[ Kinesis ]
Apache Kafka 를 대체, 실시간 big data 관련 작업에 유리
- Kinesis is a managed alternative to Apache Kafka
- Great for application logs, metrics, Iot, clickstreams
- Great for "real-time" big data
- Grate for streaming processing frameworks (Spark, NiFi, etc...)
- Data is automatically replicated to 3AZ
Kinesis Streams : low latency streaming ingest at scale
Kinesis Analytics : perform real-time analytics on streams using SQL
Kinesis Firehose : load stream into S3, Redshift, ElasticSearch..
[ 1. Kinesis Streams ]
Shard 로 stream 이 나뉘어짐, 데이터는 default 로 하루간 보관됨, 데이터에 대한 재처리 가능, 데이터가 kinesis 에 한 번 삽입되면 지워지지 않음
- Streams are divided in ordered Shards/Partitions
- Data retention is 1 day by default, can go up to 365 days
- Ability to reprocess/replay data
- Multiple applications can consume the same stream
- Real-time processing with scale of throughput
- Once data is inserted in Kinesis, it can't be deleted (immutability)
[ Kinesis Streams Shards ]
SHARD 하나당 1 MB/s 쓰기 , 2 MB/s 읽기
SHARD 갯수 대로 과금, SHARD 갯수는 reshard(추가), merge(병합) 을 통해 증/감 가능
- One stream is made of many different shards
- 1 MB/s or 1000 messages/s at write per SHARD
- 2 MB/s at read per SHARD
- Billing is per shard provisioned, can have as many shards as you want
- Batching available or per message calls
- The number of shards can evolve over time (reshard/merge)
- Records are ordered per shard
[ AWS Kinesis API - Put records ]
partition key 를 사용할 경우 동일한 키는 동일한 파티션으로 보내짐, 처리량을 높이고싶을 경우 PutRecords 와 batching 을 사용
- PutRecord API + Partition key that gets hashed
- The same key goes to the same partition (helps with ordering for a specific key)
- Messages sent get a "sequence number"
- Choose a partition key that is highly distributed (helps prevent "hot partition")
user_id if many users
Not country_id if 90% of the users are in one country
- Use Batching with PutRecords to reduce costs and increase throughput
- ProvisionedThroughputExceeded Exception occurs if we go over the limits
[ AWS Kinesis API - Exceptions ]
ProvisionedThroughputExceeded Exceptions
- Happens when sending more data (exceeding MB/s or TPS for any shard)
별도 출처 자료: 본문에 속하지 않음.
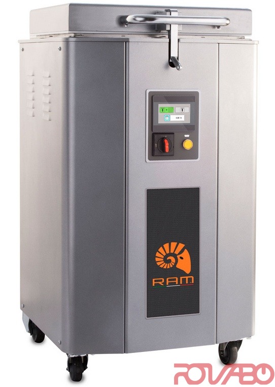 Machine suitable to divide dough for bakeries, pastry workshop and pizzerias. Steel stove painted structure. Basket in stainless steel AISI 304. Complete hydraulic working with big tank and double sealing between tank and hydraulic unit. AISI 304 stainless steel knives bolted not welded to guarantee a bigger precision and life. High quality food material stamps not subject to expansion. Stainless steel anti-corrosion protection above to the stamping plate. Display for pressing time adjustment. Automatic switching off at the end of the cycle for a bigger safety and energy saving. Stainless steel collecting crumbs tray easy to reach thanks to lateral covers assembled on hinges. Possibility to use it just as a press dough/butter (without dividing). Knives cleaning push-button. On castors made of soft rubber with brake for greater stability and noiselessness. Working cycle: automatic pressing, cutting and lid opening.

- Make sure you don't have a hot shard (such as your partition key is bad and too much data goes to that partition)
* Solution : Retries with backoff / Increase shards (scaling)
[ AWS Kinesis API - Consumers ]
- Can use a normal consumer : CLI, SDK, etc...
- Can use Kinesis Client Library (in Java, Node, Python, Ruby, .NET)
: KCL uses DynamoDB to checkpoint offsets
: KCL uses DynamoDB to track other workers and share the work amongst shards
[ Kinesis Security ]
Control access / authorization using IAM policies
Encryption in flight using HTTPS endpoints
Encryption at rest using KMS
Possibility to encrypt/decrypt data client side(harder)
VPC Endpoints available for Kinesis to access within VPC
[ 2. Kinesis Data Firehose ]
서버리스, 자동 스케일링, 관리가 필요없음
실시간에 가까움(실시간이 아님)
- Fully Managed Service, no administration, automatic scaling, serverless
- Load data into Redshift/Amazon S3/ElasticSearch/Splunk
- Near Real Time
60 seconds latency minimum for non full batches
Or minium 32 MB of data at a time
- Supports many data formats, conversions, trasformations, compression
- Pay for the amount of data going through Firehose
[ Kinesis Data Streams vs Firehose ]
# Streams
- Going to write custom code (producer/consumer)
- Real time(~200ms)
- Must manage scaling(shard splitting/merging)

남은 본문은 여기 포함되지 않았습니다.